Table 11 Performance comparison among base models and proposed model.

Full size table

The accuracy of the M5P and random tree (RT) models yielded 23.88% and 40.73% in the MAPE, respectively⁴² while the SVR model in³⁹ obtained 16.01% in MAPE in the day-ahead prediction of hourly energy use in buildings. The proposed SAMFOR model reached 9.56% in the MAPE in predicting one-day-ahead energy consumption. Compared to these studies in the literature, the SAMFOR model was very competitive and effective. The power of the hybrid approach comes from taking advantage of a linear model and a nonlinear model, in which an optimization algorithm was applied to fine-tune the configuration of the proposed model. Notably, in the proposed hybrid model, the FA was used to optimize the hyperparameters of the SVR. Moreover, appropriate inputs used for prediction were analyzed and selected via three sensitivity analyses. Thus, the SAMFOR model was an effective model for forecasting short-time energy consumption. The one-day-ahead energy consumption prediction results provide building owners, building managers, and network operators with insights and references to improve energy efficiency. Particularly, the operating schedule of appliances, lighting systems, and the air-conditioning system can be optimized and shifted to reduce energy costs.

Conclusions

Sustainable development of energy is an important concern for many countries. Energy use reduction in buildings is beneficial to society in terms of economy and ecology.

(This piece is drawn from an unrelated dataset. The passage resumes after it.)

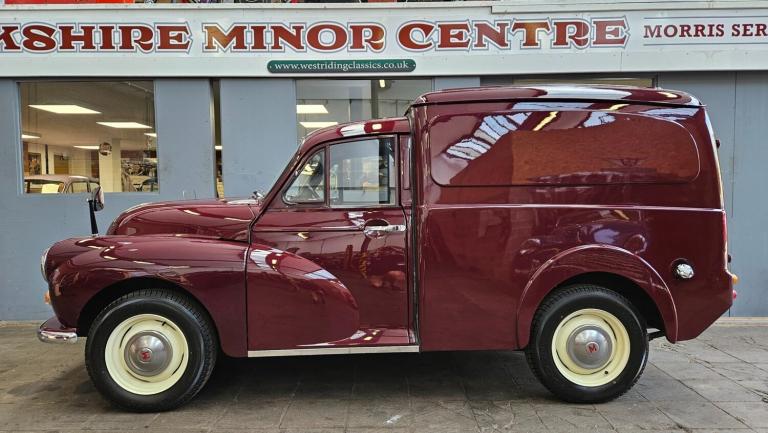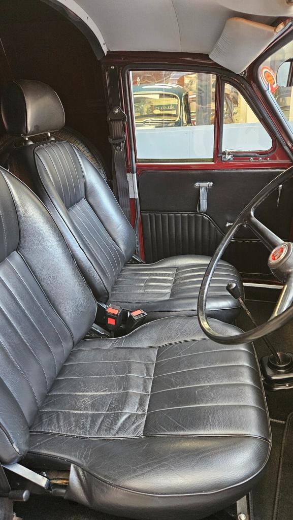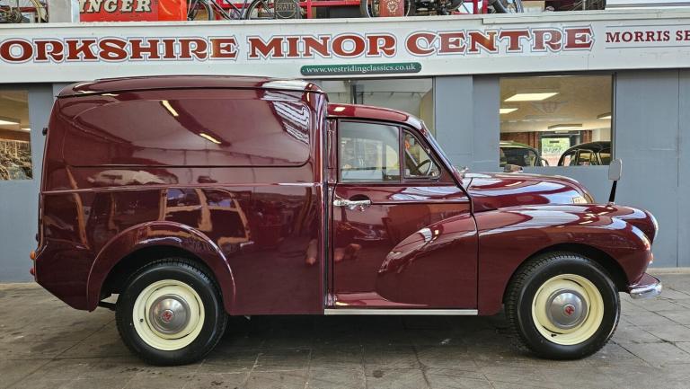 Are you looking for a Morris Minor van that is in tip top show standard condition?The this fully restored 1967 Maroon B one that has just landed with us at WRCC could well be the one for you.She is in such good condition she would make an ideal promo vehicle for a business or a show stopping Minor LCV for local shows!The Minor van is an older restoration with a bumper file of invoices and receipts that come with her.The restoration has been done to a high standard and all the usual areas such as the troublesome gutters and underside are in great order,The cab and rear body are in lovely order both inside and out, she has a vent fitted on the roof of the rear body for ventilation, this was fitted as part of her old life as a delicatessen delivery van! (pics of her in livery are in the file)Mechanically she is super and drives very well, there is no knocks whines or crunches and her 1098cc engine pulls her well.I have had the pleasure of driving her about on trips to the suppliers and she is great fun!She has been upgraded with servo assisted disc brakes, alternator and comfy recliner seats.In summary if you are looking for a top end Minor LCV that not only drives great looks the part too then this is the one for you, and well worth the trip to WRCC head quarters in Halifax.All our cars come to you with 12 Months MOT, 3 Months warranty and are full serviced before leaving,As well as the underside scraped, checked and recoated in your choice of protection.Transport can be arranged both nationally and internationally at a pre-agreed rate.Left hand drive conversion can also be carried out for overseas clients.Credit / Debit cards are accepted.Finance can be arranged should it be required,Part exchange on Morris Minors accepted also Classic cars, commercials and bikes considered

Challenges of energy consumption prediction include (1) selecting an appropriate value of lag for time-series energy use prediction in buildings, (2) identifying an appropriate input set for a prediction, (2) setting parameters of the prediction model, (3) selecting an appropriate size of the learning data for a prediction, and (4) optimizing the parameters of the prediction model.

This study proposed a hybrid artificial intelligence prediction model for forecasting time-series energy consumption in buildings toward sustainable development. The proposed model, namely SAMFOR, was constituted by the seasonal autoregressive integrated moving average (SARIMA), support vector regression (SVR), and firefly algorithm (FA). A large dataset of hourly energy consumption collected from buildings in Vietnam was used to train and test the performance of the proposed model. The proposed model achieved a great performance in predicting one-day-ahead energy consumption in the 30-min intervals in buildings. The accuracy measures by the SAMFOR model were 1.77 kWh in the root-mean-square-error, 5.02 kWh in the mean absolute error, 9.56% in the mean absolute percentage error, and 0.914 in the correlation coefficient in the test phase.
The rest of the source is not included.